* [Work required]
Starting at the first line of the data, print every line up to and including the one with "This tote has", but no pictures.

=== Section Start ===

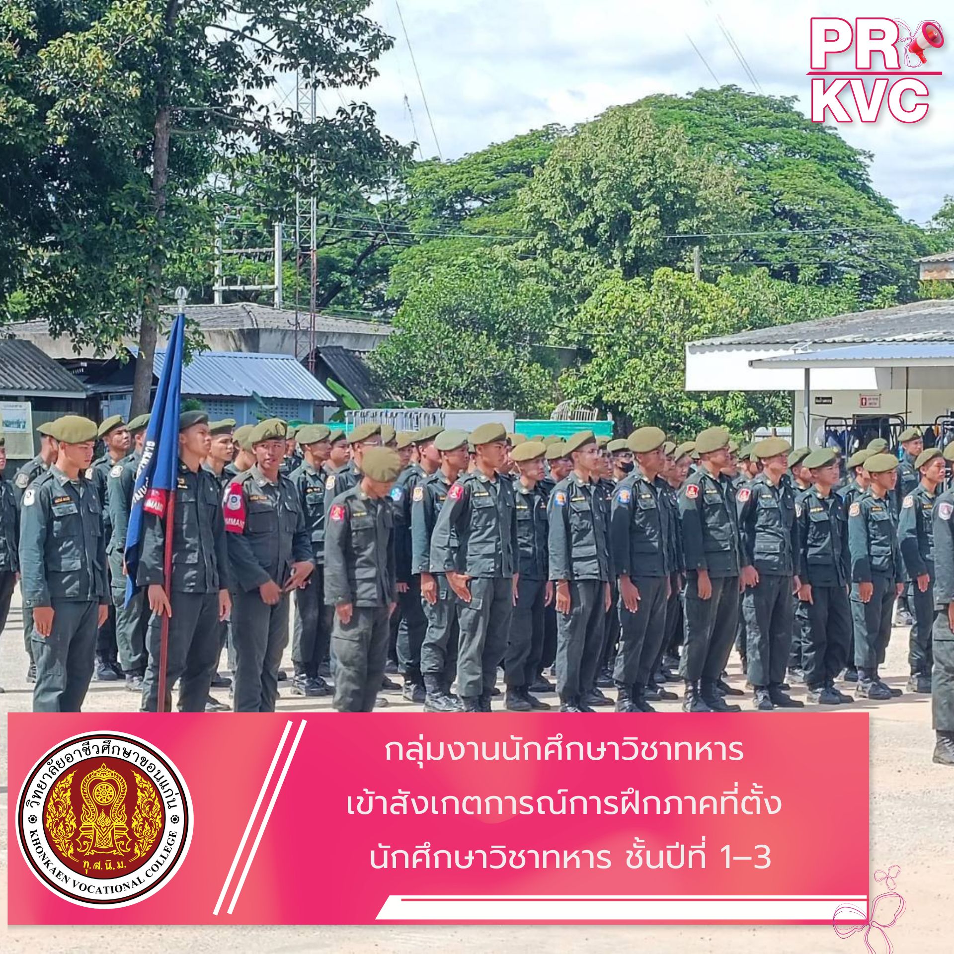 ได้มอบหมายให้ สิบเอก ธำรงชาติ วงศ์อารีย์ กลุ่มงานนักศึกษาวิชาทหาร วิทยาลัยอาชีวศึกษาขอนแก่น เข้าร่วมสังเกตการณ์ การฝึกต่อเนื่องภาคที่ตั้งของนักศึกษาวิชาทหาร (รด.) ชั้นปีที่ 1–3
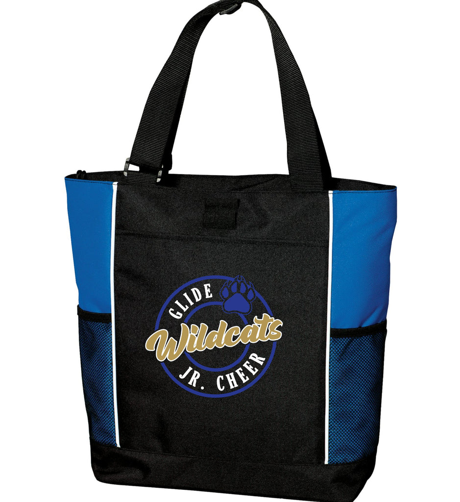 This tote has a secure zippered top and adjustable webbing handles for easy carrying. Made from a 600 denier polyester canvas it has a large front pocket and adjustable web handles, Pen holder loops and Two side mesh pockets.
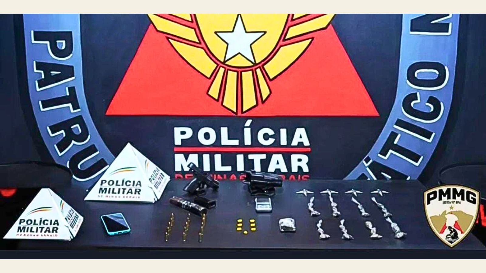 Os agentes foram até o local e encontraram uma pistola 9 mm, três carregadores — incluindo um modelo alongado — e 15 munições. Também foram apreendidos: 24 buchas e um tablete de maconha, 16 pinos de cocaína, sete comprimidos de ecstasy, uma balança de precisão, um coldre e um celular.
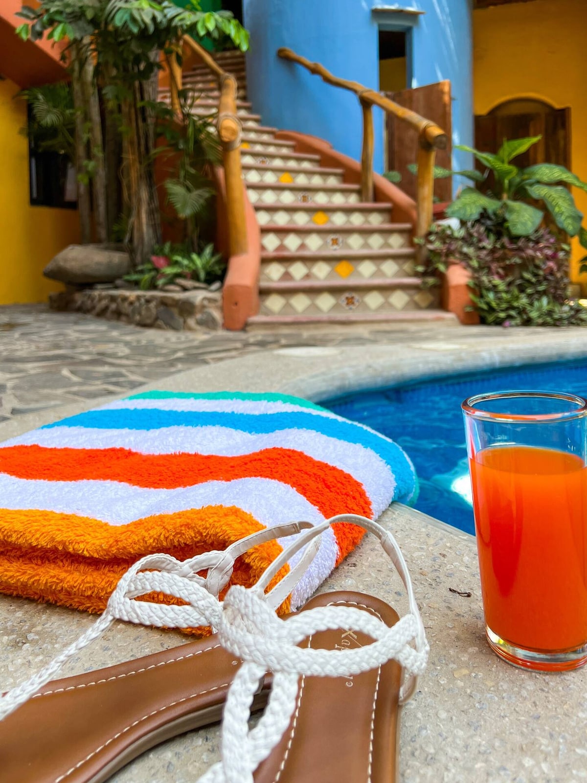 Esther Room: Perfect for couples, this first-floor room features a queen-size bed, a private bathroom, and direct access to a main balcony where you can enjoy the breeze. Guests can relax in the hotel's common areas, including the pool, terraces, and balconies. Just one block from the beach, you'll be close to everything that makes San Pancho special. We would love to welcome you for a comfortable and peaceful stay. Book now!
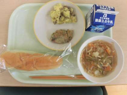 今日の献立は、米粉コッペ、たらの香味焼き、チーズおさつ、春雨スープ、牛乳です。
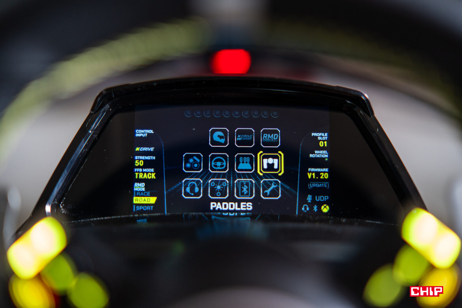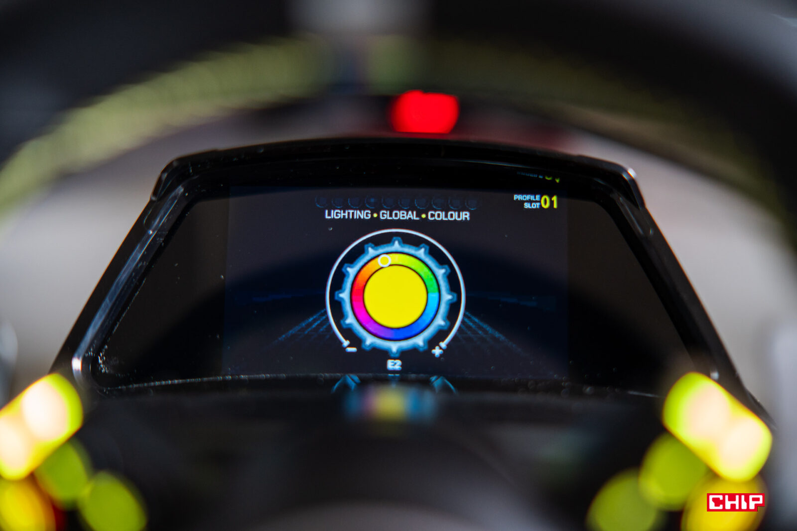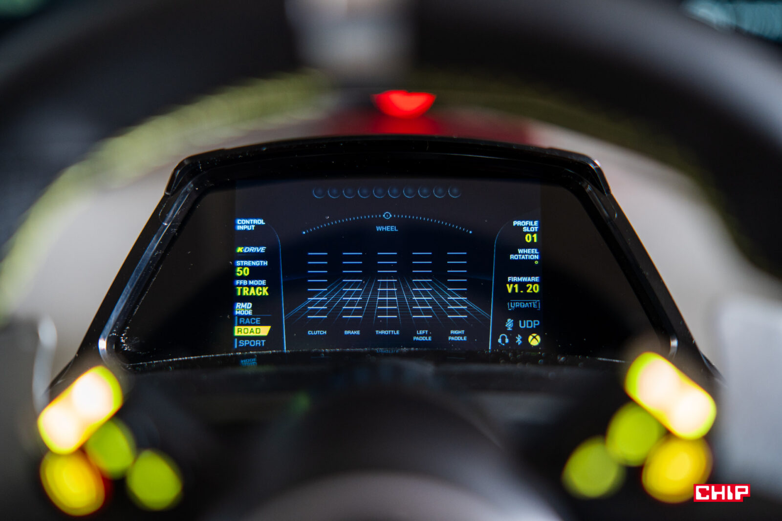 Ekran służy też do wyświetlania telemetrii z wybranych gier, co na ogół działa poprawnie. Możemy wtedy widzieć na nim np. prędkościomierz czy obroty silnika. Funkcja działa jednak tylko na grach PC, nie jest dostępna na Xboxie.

=== Section End ===

* [Task answer]
 ได้มอบหมายให้ สิบเอก ธำรงชาติ วงศ์อารีย์ กลุ่มงานนักศึกษาวิชาทหาร วิทยาลัยอาชีวศึกษาขอนแก่น เข้าร่วมสังเกตการณ์ การฝึกต่อเนื่องภาคที่ตั้งของนักศึกษาวิชาทหาร (รด.) ชั้นปีที่ 1–3
 This tote has a secure zippered top and adjustable webbing handles for easy carrying. Made from a 600 denier polyester canvas it has a large front pocket and adjustable web handles, Pen holder loops and Two side mesh pockets.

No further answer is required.